Curitiba - A Receita Federal (RF) e a Polícia Federal (PF) estão investigando o sumiço de contêineres no Terminal de Contêineres de Paranaguá (TCP). Já sumiram cerca de 32 contêineres, sendo que um deles foi enviado para fora do País sem passar pela Receita Federal e outros 31 contêineres com carga importada, simplesmente desapareceram. O desaparecimento de contêineres no TCP, que é controlado pela iniciativa privada, também está sendo alvo de investigação da CPI da Pirataria, em andamento na Câmara Federal.
O delegado substituto da RF em Paranaguá, Carlos Alberto Kletemberg, confirmou o desaparecimento dos contêineres, e disse que recebeu denúncias de importadores que não teriam recebido as cargas compradas no exterior. Entre as cargas estariam produtos de informática. Segundo Kletemberg, a Receita está atenta às denúncias e está investigando em conjunto com a PF.
O superintendente do TCP, Mauro Marder, diz que empresa está sendo vítima de uma quadrilha especializada em roubo de cargas, que também já roubou carga do terminal público do Porto de Paranaguá. O empresário disse que existe uma quadrilha organizada de roubo de contêineres que vem agindo nos últimos dois anos nos portos de Paranaguá e Santos.

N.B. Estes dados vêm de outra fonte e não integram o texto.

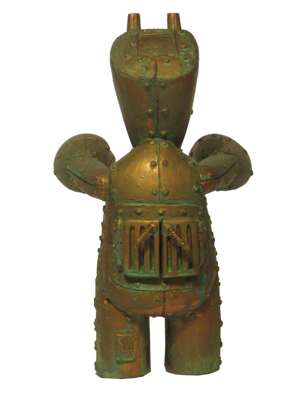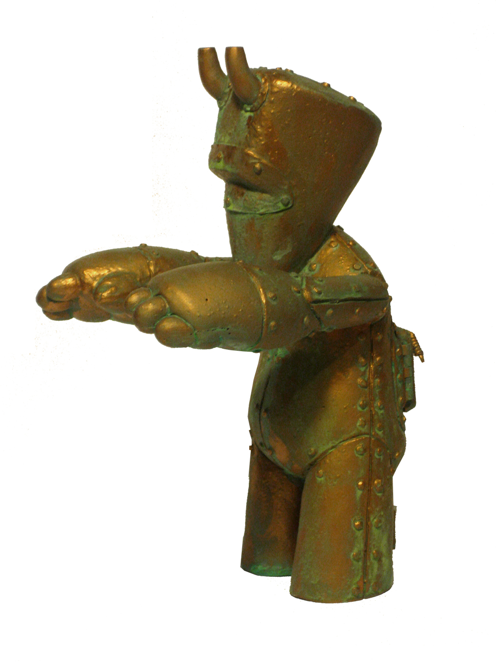 I actually finished this guy last week but just have been busy with a commission (which should hopefully be done by the end of the week). I\’m not completely satisfied with it due to it\’s imperfections but that\’s OK cause I really like the concept. I\’ll be continuing with this guy until I get it right. I made this guy using the last of my poor casts. So he was rough to begin with. I think for that reason I sped through the process just to get it done and realize the concept. I also used copper paint(Modern Masters) and patina glaze to create a more realistic finish and go figure, I like the fake spray paint and green acrylic aging I did before better. This just seems too aged. Thoughts?
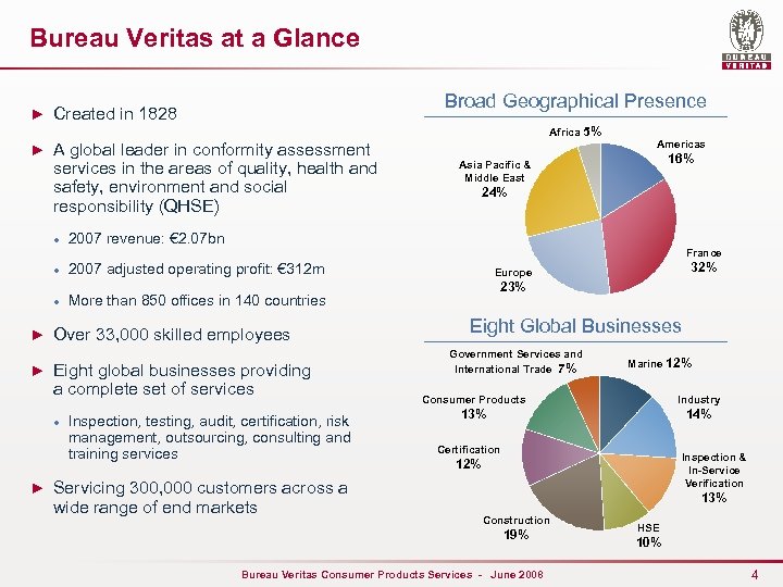 Bureau Veritas at a Glance Broad Geographical Presence ► Created in 1828 Africa 5% ► A global leader in conformity assessment services in the areas of quality, health and safety, environment and social responsibility (QHSE) l l l 16% Asia Pacific & Middle East 24% 2007 revenue: € 2. 07 bn France 2007 adjusted operating profit: € 312 m ► Eight global businesses providing a complete set of services Inspection, testing, audit, certification, risk management, outsourcing, consulting and training services 32% Europe 23% More than 850 offices in 140 countries ► Over 33, 000 skilled employees l Americas Eight Global Businesses Government Services and International Trade 7% Marine 12% Consumer Products Industry 13% 14% Certification Inspection & In-Service Verification 12% ► Servicing 300, 000 customers across a wide range of end markets 13% Construction 19% Bureau Veritas Consumer Products Services - June 2008 HSE 10% 4
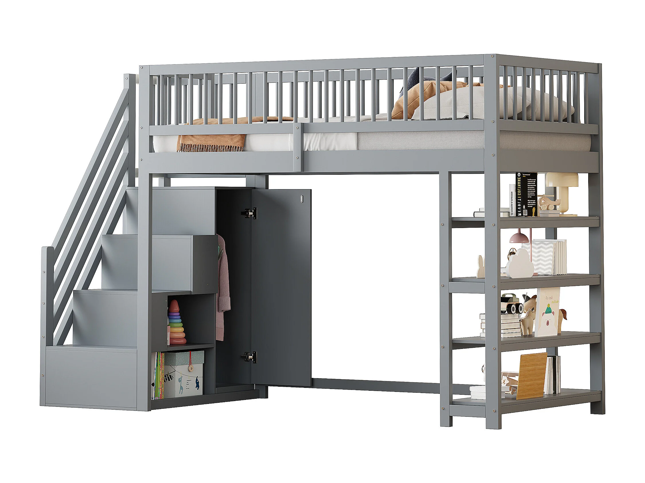 Lit mezzanine 90x200 cm en bois massif gris avec garde-corps sécurisé, rangements et armoire intégrée

E que o próprio TCP quando percebeu os roubos de carga, pediu a abertura de inquérito no Ministério Público Federal (MPF) para apuração do caso.
Marder informou que em decorrência dessa denúncia foram instaurados 12 processos na Justiça Federal de Paranaguá, para apuração dos roubos. A maior parte dos contêineres saiu dos terminais do TCP com despachos de trânsito aduaneiro falsificados, com pedido de remoção para estações aduaneiras do Interior.
Segundo Marder, a quadrilha age com conhecimento dos trâmites legais das operações aduaneiras e informações privilegiadas. Inclusive há indícios de que alguns importadores fazem parte do esquema, para não pagarem impostos. Isso porque a maior parte das cargas desaparecidas são consideradas ''cargas de perdimento'', ou seja aquelas que ficam por mais de 90 dias nos terminais sem serem reclamadas pelo importador. Após esse período, as cargas não podem ser mais internacionalizadas e têm que ser leiloadas. Com documentos falsos, essas cargas saem dos terminais e, na maioria das vezes, são entregues ao importador, que paga bem menos do que os impostos normais da operação.
Marder acusou a superintendência do Porto de Paranaguá de aumentar a vulnerabilidade do terminal de contêineres porque retirou a guarda portuária do local. O superintendente Eduardo Requião diz que o TCP tem envolvimento no sumiço das cargas. Marder rebate e diz que a empresa está sendo ''vítima de perseguição política''. O TCP está operando com serviço de segurança próprio e vem pagando todos os impostos das cargas desaparecidas, que não deixam de ser cobrados pela Receita, afirmou. Quanto às cargas reclamadas por dois importadores, eles foram indenizados pela seguradora contratada pela empresa.